Iowa State University

Iowa State UniversityIowa State University
email: flavian@cs.iastate.edu   phone: 515-294-7331
Flavian C. Vasile
Artificial Intelligence Research Laboratory

Department of Computer Science

Research 
Current research focus: Learning from folksonomies.
What is a folksonomy? According to Wikipedia, a folksonomy is “an Internet-based information retrieval methodology consisting of collaboratively generated, open-ended labels that categorize content such as Web pages, online photographs, and Web links. A folksonomy is most notably contrasted from a taxonomy in that the authors of the labeling system are often the main users (and sometimes originators) of the content to which the labels are applied. The labels are commonly known as tags and the labeling process is called tagging.”
Notice that I used Wikipedia as the source of our definition. This is not accidental; If we would look for “folksonomy” in the latest Merriam and Webster dictionary we would not find it (as of Jan 2007).  This is an example of a much bigger phenonmenon: the collective creation of knowledge.

Types of folksonomies. Folksonomies have different characteristics depending on the design of the system that supports the tagging process: The tagged objects range from webpages to images, music, video, physical objects such as products or locations and other users. Tags can be labels, numerical values as in the case of ratings, icons, votes or geographical information.

The potential value of folksonomies
Folksonomies are a real-world example of ontology creation through emergent semantics, meaning that folksonomies appear naturally from the interaction of a community of users and not through a directed endeavor of creating a consistent and complete ontology of a domain. The second approach, favored by the proponents of the Semantic Web has as challenges the dimension of the project and the inability to accommodate fuzziness and change over time (ontological drift).
In a shell, folksonomies offer: quick, practical and dinamic classification. The drawbacks are: synonimy, polysemy and the possible semantic gap between tags.
It has been shown that, over time,  for a particular object of interest (bookmarked webpage)  stable tagging patterns emerge (the vocabulary is self-limiting).

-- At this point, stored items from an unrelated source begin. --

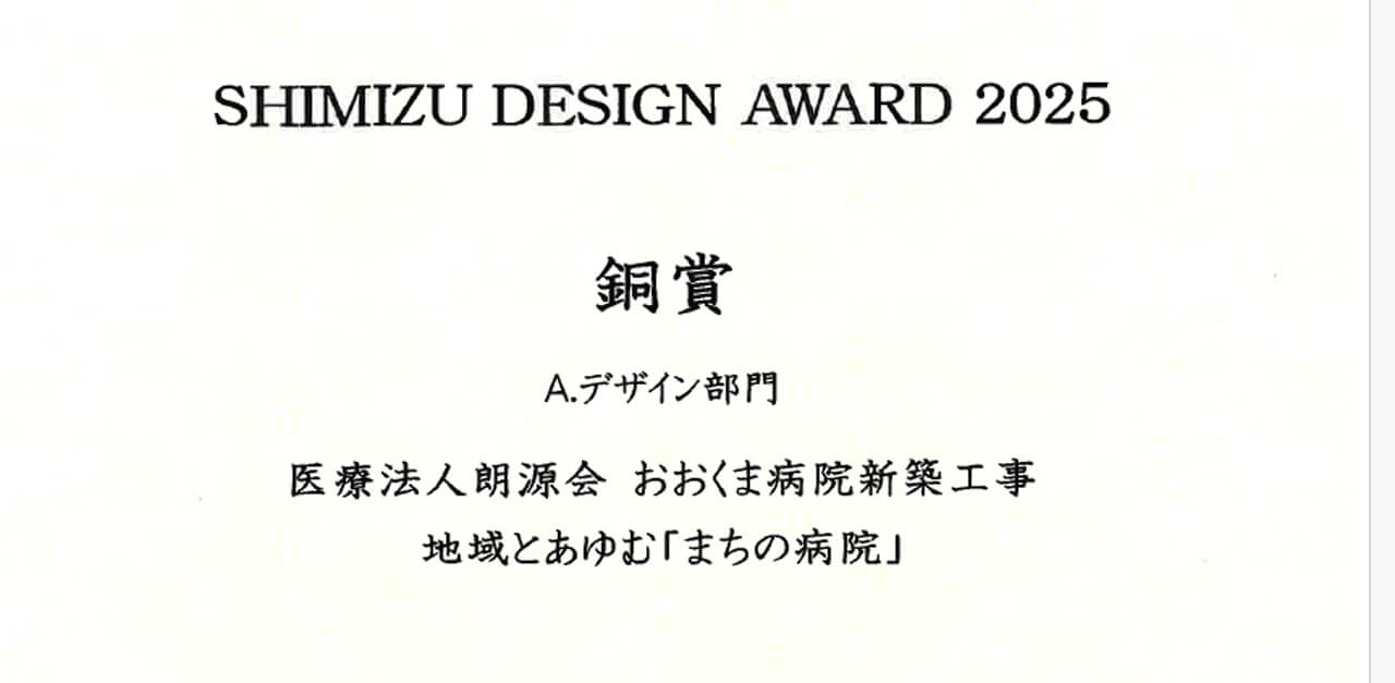 当院を担当された設計チームが、清水建設設計部門のSHIMIZU DESIGN AWARD 2025で、デザイン部門の銅賞を受賞されました。
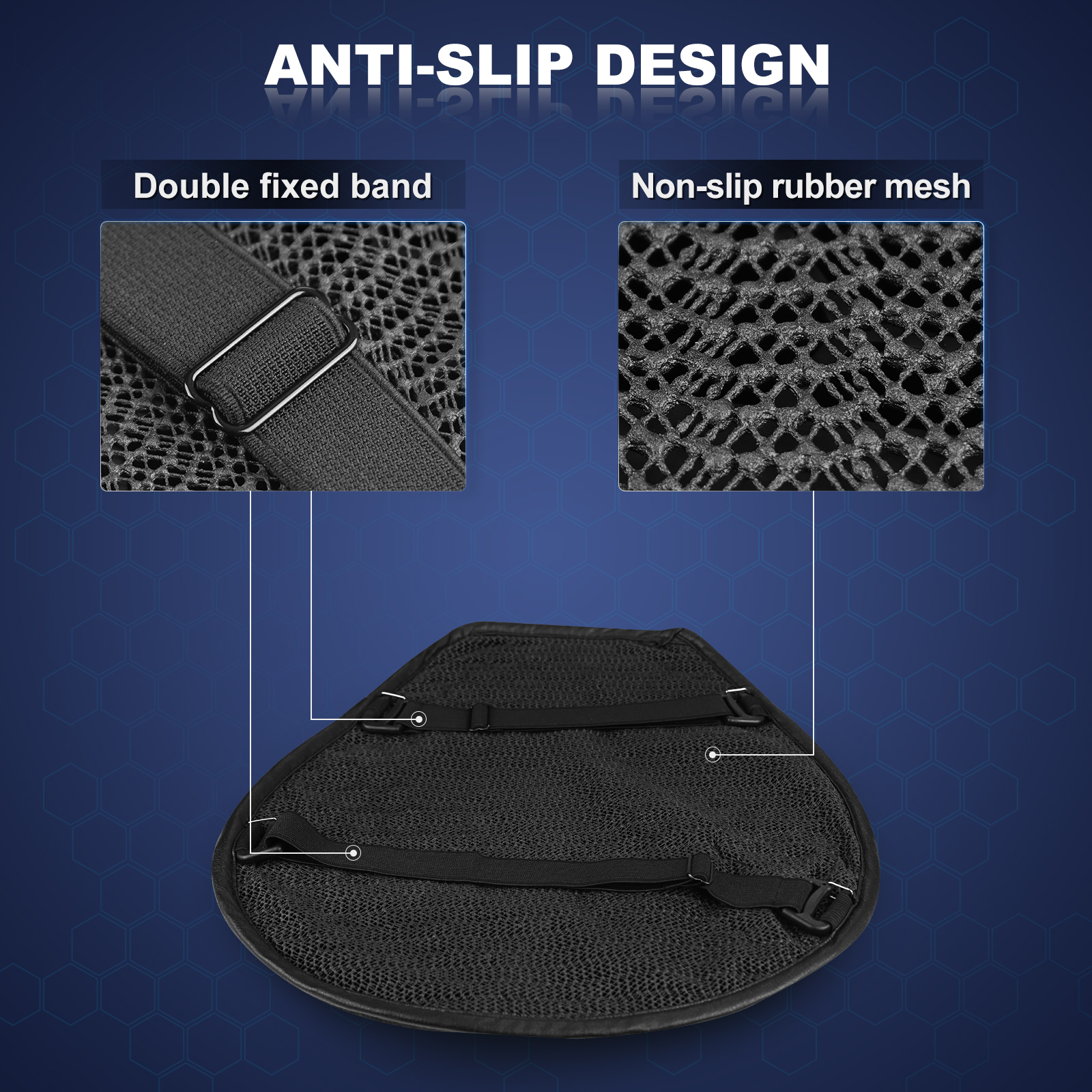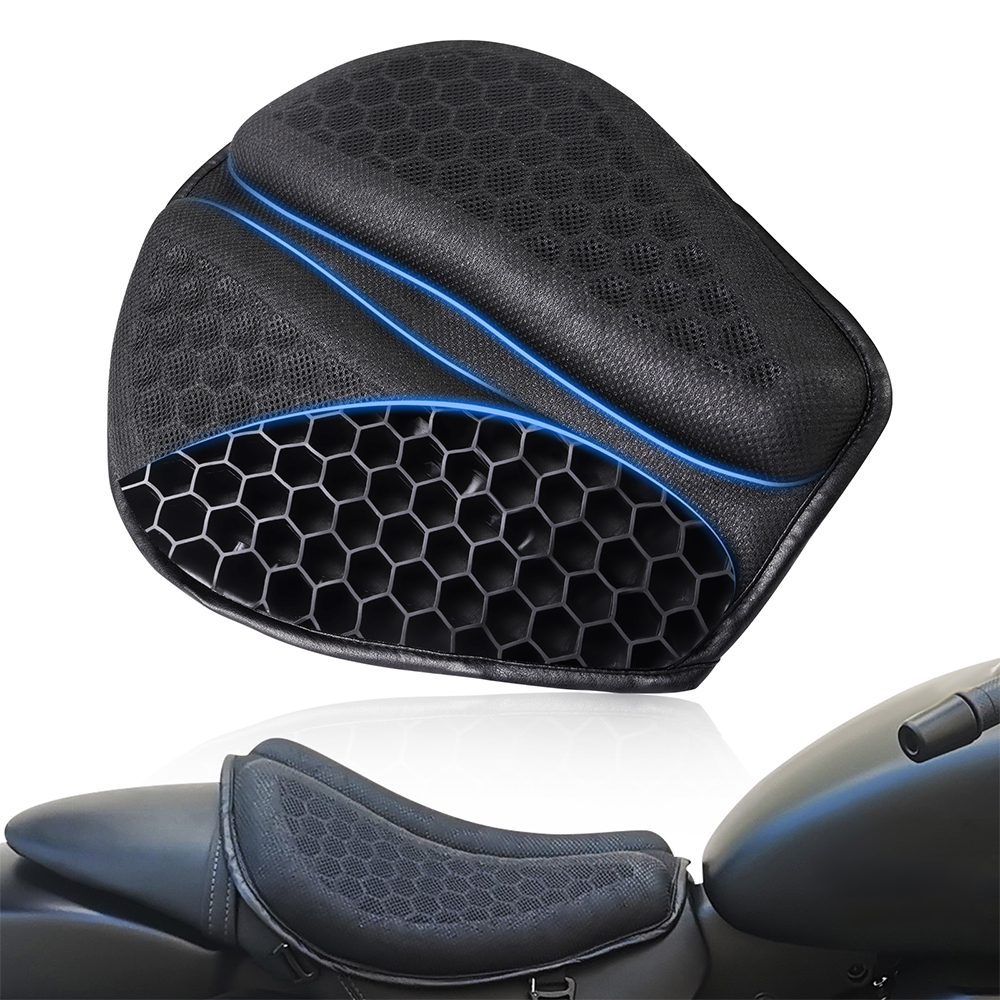 motorcycle seat pad is designed with a 3D honeycomb structure, which can circulate a lot of air and allow a cool experience throughout your entire ride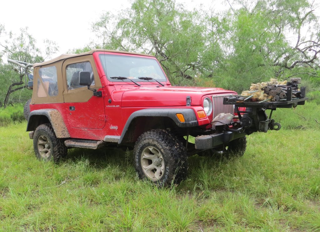 The much smaller interior of the little TJ was quite a challenge, but a little S. TX engineering provided a shelf over the sun visors for calls, gloves, etc, a saddle scabbard over driver's left shoulder carried the Stevens 20 ga youth snake gun and an improvised rifle rack held two rifles safe and secure, yet readily available. A couple of canvas cargo bags held the rest of our paraphernalia on the back of the seats.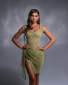 This eye-catching lime green mini dress is a dazzling fusion of bold style and feminine allure. Designed with a body-hugging mesh structure adorned in crystal embellishments, the dress catches the light with every movement, creating a radiant, shimmering effect. The asymmetrical draping at the waist and hip gives it a fashion-forward twist, while the high slit adds just the right amount of drama and allure.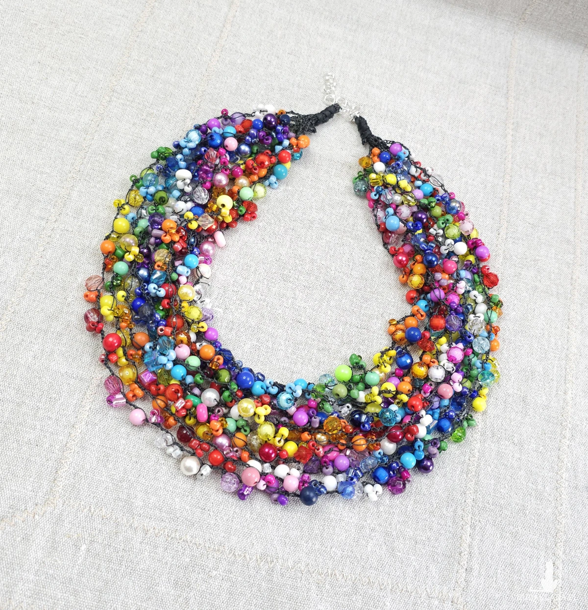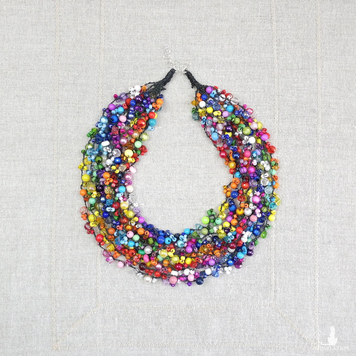 Setki drobnych koralików w niemal każdym odcieniu tęczy zostały splecione w kaskadową formę, tworząc bogatą i efektowną całość.

Machine learning and its applications for folksonomies:
I. Folksonomy visualization
– data reduction - What are the proper ways in which folksonomies can be visualized?
II. Social network analysis - Find communities, opinion leaders, roles, central actors, prestigious actors, interesting or valuable objects in folksonomies.
III. Search - Update search techniques such that for a given query, factors like tags, users and content of webpages, are all taken into account
IV. Structuring - Find

Past approaches and their limitations
Recent papers have already started the investigation of methods for representing and exploiting folksonomies by representing the two-way relations between the users, tags and objects in the folksonomy.  However, the natural relations that appear in the context of folksonomies are ternary relations of the form user-tag-object, which cannot be represented by graphs relations without losing information.

Solution - I will be presenting a possible solution in the upcoming paper to be submitted to KDD 2007

Spectral techniques for Machine Learning.
Reason: The existing results of spectral clustering in machine vision and relational learning and its fair scalability.
Current plans:  Adapt spectral techniqies to folksonomies

Some other things I'm working on:
Value-based Markov Blankets
Error localization in programs using MINCOST SATISFIABILITY

Some other things I'm interested in:
Wavelets and frames for Machine Learning.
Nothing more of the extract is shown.